◆ EXERCISE DIRECTIONS
Images are to be excluded, and the rest of the data repeated exactly.

-=-=-=-=-

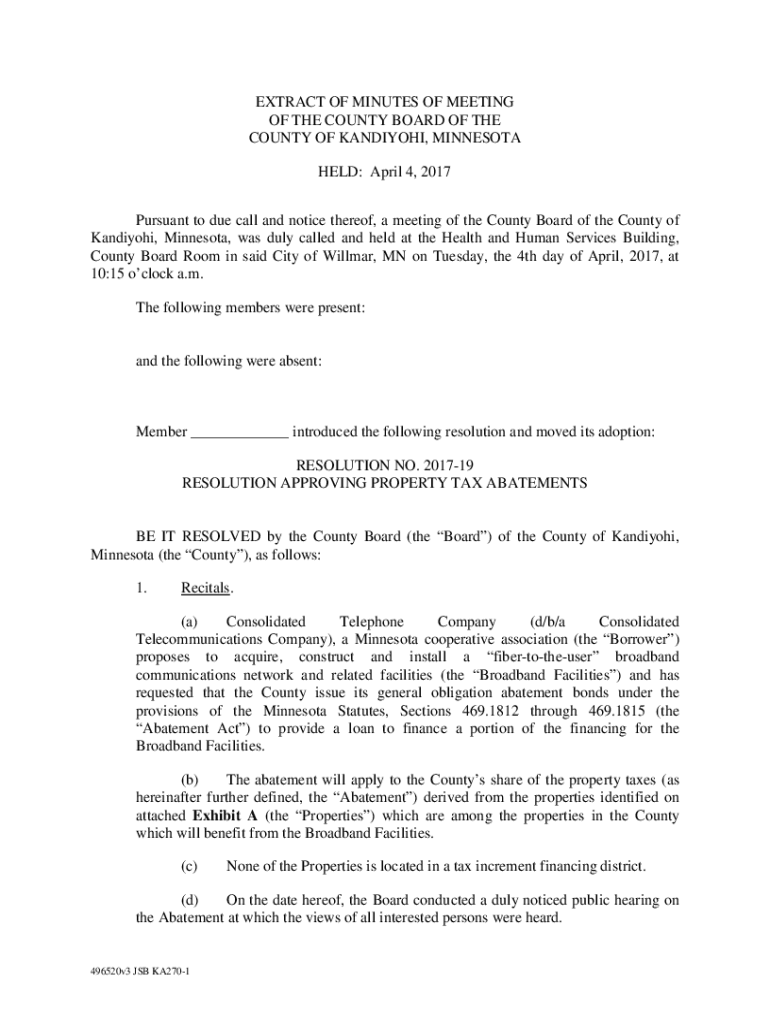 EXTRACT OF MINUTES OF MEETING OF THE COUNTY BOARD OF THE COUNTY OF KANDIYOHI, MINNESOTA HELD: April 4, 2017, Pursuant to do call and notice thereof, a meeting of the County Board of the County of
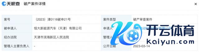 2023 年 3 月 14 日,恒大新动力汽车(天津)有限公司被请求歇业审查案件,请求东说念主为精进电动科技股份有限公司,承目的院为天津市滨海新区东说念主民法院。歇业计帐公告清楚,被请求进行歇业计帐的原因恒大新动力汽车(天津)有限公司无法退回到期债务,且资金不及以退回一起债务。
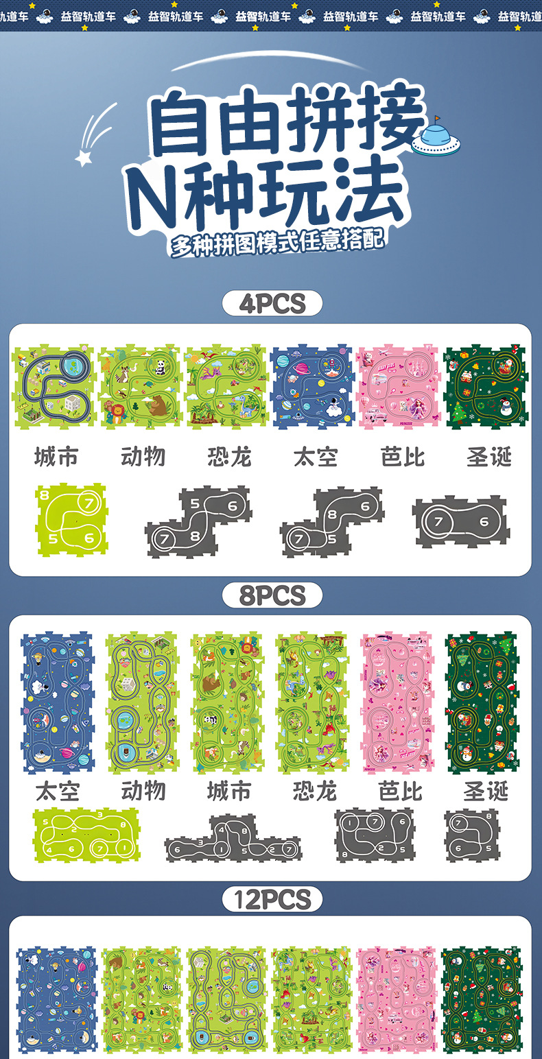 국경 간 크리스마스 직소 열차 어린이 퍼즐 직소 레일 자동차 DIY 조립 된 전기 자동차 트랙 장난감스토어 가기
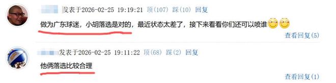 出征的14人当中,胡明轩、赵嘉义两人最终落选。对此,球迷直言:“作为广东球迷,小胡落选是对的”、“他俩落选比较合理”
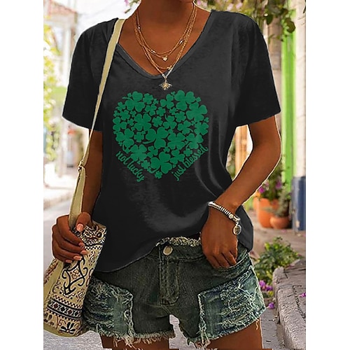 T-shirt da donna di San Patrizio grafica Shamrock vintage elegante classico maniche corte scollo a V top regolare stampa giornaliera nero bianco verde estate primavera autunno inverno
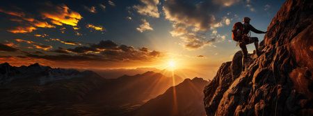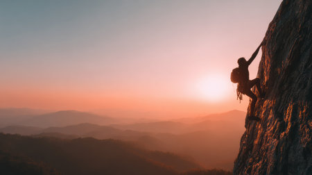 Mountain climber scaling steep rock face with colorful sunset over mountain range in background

-=-=-=-=-

◆ TASK ANSWER
 EXTRACT OF MINUTES OF MEETING OF THE COUNTY BOARD OF THE COUNTY OF KANDIYOHI, MINNESOTA HELD: April 4, 2017, Pursuant to do call and notice thereof, a meeting of the County Board of the County of
 2023 年 3 月 14 日,恒大新动力汽车(天津)有限公司被请求歇业审查案件,请求东说念主为精进电动科技股份有限公司,承目的院为天津市滨海新区东说念主民法院。歇业计帐公告清楚,被请求进行歇业计帐的原因恒大新动力汽车(天津)有限公司无法退回到期债务,且资金不及以退回一起债务。
 국경 간 크리스마스 직소 열차 어린이 퍼즐 직소 레일 자동차 DIY 조립 된 전기 자동차 트랙 장난감스토어 가기
 出征的14人当中,胡明轩、赵嘉义两人最终落选。对此,球迷直言:“作为广东球迷,小胡落选是对的”、“他俩落选比较合理”
 T-shirt da donna di San Patrizio grafica Shamrock vintage elegante classico maniche corte scollo a V top regolare stampa giornaliera nero bianco verde estate primavera autunno inverno
 Mountain climber scaling steep rock face with colorful sunset over mountain range in background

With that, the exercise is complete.